Una comunión queer contemporánea para el artista Ron Athey en ICA LA


La palabra queer se volvió popular hace unos 20 años. Su hostil «señor de las moscas» connotación de paria social se ha convertido en un término de autoafirmación utilizado por las minorías sexuales y de género que no son heterosexuales o cisgénero.

Esta línea de tiempo hace que «Queer Communion: Ron Athey», la cautivadora nueva exposición general de 35 años del conocido artista de performance de Los Ángeles, no sea un «Queer Eye for the Straight Guy». Mainstream no describe el arte de Athey. Desde la primera hasta la última obra, iniciada en la década de 1980, con plena vigencia en la década de 1990 y hasta la actualidad, esta exposición contribuye significativamente a iluminar el borde originalmente transgresor de ser pro-queer.

En el Instituto de Arte Contemporáneo de Los Ángeles, “Queer Communion” comienza con un documental de performance que contiene un video en el que un joven sin camisa empuñando un cuchillo grande se corta ritualmente su propia carne. Las cicatrices visibles que impregnan su cuerpo en medio de nuevos rastros de sangre confirman que esta no es la primera vez que ocurre una autolesión.

La repetición es el núcleo del ritual.

El trabajo de la hoja es difícil de ver. Para el arte de Athey, esta dificultad es una virtud, no un vicio. Experimentar la inevitable materialidad física del cuerpo y la sangre en una ejecución ritual no puede dejar de invocar el sacramento cristiano de la Eucaristía. Este es un tema con una larga historia en el arte religioso occidental, pero aquí está en un contexto puramente secular.

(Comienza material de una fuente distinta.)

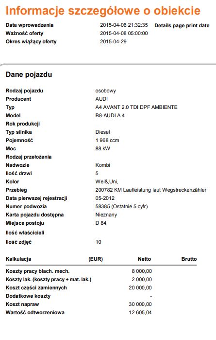 po szkodzie w 2015r z przebiegiem 200782 km.

La escena, lejos de modelar el comportamiento desviado asumido por un espectador, crea una incomodidad retorcida. Estás en un espacio de arte, después de todo, y todo lo que se supone que debes hacer es mirar.

Un par de botas hasta los muslos y otros artículos se exhiben en un museo.

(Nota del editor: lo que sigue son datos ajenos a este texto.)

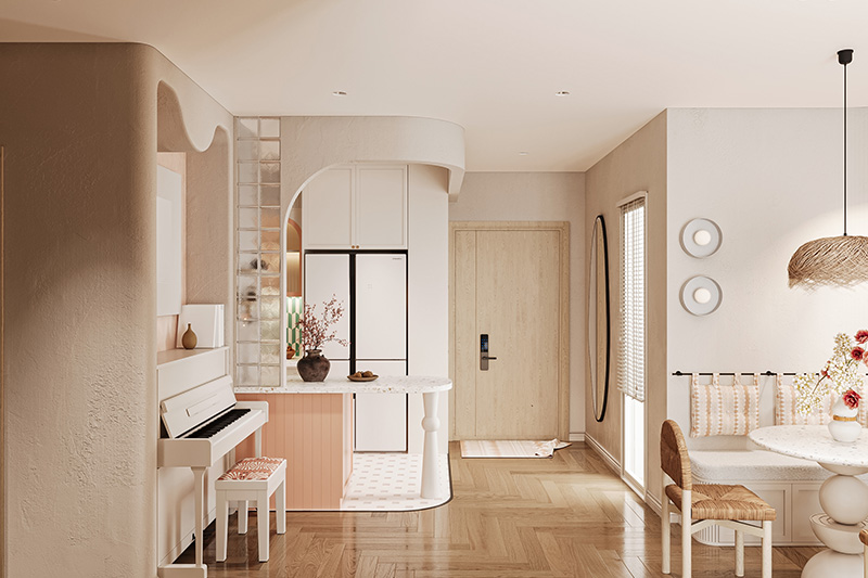其實新房子的最大好處,就是水電管線都是全新的,所以可以把預算集中在「把東西收好」以及「營造喜歡的氛圍」這兩件事上。我通常會建議參考「631 法則」:百分之六十留給必要的木作和水電微調,百分之三十拿來添購家電家具,剩下的百分之十則用來布置空間。

Vista de instalación de “Queer Communion: Ron Athey” en ICA LA.

(Jeff McLane)

Esto obliga a una aceptación concentrada de normas aparentemente poco exigentes. Uno podría pensar que el pan y el vino sacramentales son solo metáforas, pero los seguidores de la religión han creído desde los primeros siglos en su transformación milagrosa en cuerpos reales y sangre para ingerir.

Athey, de 59 años, nació en una familia pentecostal fundamentalista. Después de que su padre desapareció y su madre esquizofrénica fue hospitalizada, creció con una abuela. Su entusiasmo por las reuniones teatrales y curativas de avivamiento en todo el interior del sur de California fue el motivo de las salidas familiares regulares.

Ser gay no encajaba en este programa hiperreligioso a menos que el artista asumiera los extravagantes compromisos teatrales de la fe. A medida que maduraba y comenzaba a abrazar el nuevo género de las artes escénicas, una actividad marginal dio paso a otra.

Athey es un artista autodidacta. Su trabajo de performance elaborado con trajes elaborados, a menudo sadomasoquista, hace que el extravagante hucksterismo típico de los antiguos curanderos como Kathryn Kuhlman o Oral Roberts parezca sombrío y digno.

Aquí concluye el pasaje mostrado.